Sosyal medya hesabında Çin’den ayrılış sürecini anlatan Teoman şunları kaydetti:

"Çin’deyken rahat konuşamıyordum, video paylaşmıyordum son zamanlarda çünkü orada uzaktan tanıdığım arkadaşıma beni sormuşlar. Ben çok fazla önemsemedim, o sırada yayınlara çıkıyor ve videolar paylaşıyordum. Daha sonra komşularıma da beni sormuşlar. Nerede çalıştığımı, basından olup olmadığımı, neden dış basına Çin’le ilgili kötü şeyler söylediğimi sormuşlar.

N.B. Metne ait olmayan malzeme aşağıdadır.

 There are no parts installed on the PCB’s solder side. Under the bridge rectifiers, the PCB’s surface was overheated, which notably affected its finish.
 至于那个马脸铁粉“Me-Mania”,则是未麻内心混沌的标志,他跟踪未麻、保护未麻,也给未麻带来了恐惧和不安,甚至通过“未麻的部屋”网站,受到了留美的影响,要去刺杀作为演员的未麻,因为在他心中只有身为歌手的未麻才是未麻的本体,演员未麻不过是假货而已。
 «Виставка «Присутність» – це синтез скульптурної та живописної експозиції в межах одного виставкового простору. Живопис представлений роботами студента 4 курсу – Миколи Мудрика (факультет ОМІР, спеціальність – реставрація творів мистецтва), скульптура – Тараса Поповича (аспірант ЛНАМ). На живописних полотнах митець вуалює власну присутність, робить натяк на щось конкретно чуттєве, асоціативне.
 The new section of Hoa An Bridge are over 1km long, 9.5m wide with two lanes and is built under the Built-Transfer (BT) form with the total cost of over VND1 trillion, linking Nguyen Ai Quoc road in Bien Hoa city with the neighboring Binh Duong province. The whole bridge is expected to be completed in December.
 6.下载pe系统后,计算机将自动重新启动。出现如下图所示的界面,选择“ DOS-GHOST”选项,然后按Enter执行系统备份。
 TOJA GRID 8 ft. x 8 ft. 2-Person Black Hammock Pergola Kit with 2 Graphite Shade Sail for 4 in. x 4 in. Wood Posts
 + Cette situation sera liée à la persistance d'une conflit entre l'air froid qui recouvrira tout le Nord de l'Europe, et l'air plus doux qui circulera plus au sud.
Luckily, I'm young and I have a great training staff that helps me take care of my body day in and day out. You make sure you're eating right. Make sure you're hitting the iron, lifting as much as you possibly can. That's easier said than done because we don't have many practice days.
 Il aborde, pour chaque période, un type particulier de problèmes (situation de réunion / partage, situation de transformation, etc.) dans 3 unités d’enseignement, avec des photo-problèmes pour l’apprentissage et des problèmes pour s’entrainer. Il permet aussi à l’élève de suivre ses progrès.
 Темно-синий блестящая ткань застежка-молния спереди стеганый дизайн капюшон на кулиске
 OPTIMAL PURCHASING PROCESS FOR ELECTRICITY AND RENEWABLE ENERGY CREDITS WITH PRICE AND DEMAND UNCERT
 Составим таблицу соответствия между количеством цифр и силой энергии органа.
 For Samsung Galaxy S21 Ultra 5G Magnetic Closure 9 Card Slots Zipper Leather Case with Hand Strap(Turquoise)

Hastalık nedeniyle kentlerin hayalet şehre döndüğünü söylemiştim. Bu sırada Çin iyi veya kötü haber yapılmasını istemiyordu. Sosyal medya hesaplarında virüsle ilgili açıklama yapanlara 500 Yuan para cezası olduğu açıklanmıştı. Bir gün polis eve geldi. Ben hastalıkla ilgili zannederken pasaportumu istediler, fotoğrafını çektiler. Vizelerime baktılar ve ‘ne kadar daha buradasın’, ‘ne iş yapıyorsun’ gibi sorular sordular. Virüsle ilgili görüşlerimi aldılar. Daha sonra video paylaşıp paylaşmadığımı sordular. Tedirgin oldum. Daha sonra 'herhangi bir şekilde dış basına haber yaparsan bunun sorumluğu sende' dediler. Tam da o zamanlar 4-5 haberci ortadan kaybolmuştu. Neler olacak diye düşünürken dönmem gerektiğine karar verdim, herhangi bir paylaşım yapmamam konusunda beni açık açık tehdit ettiler."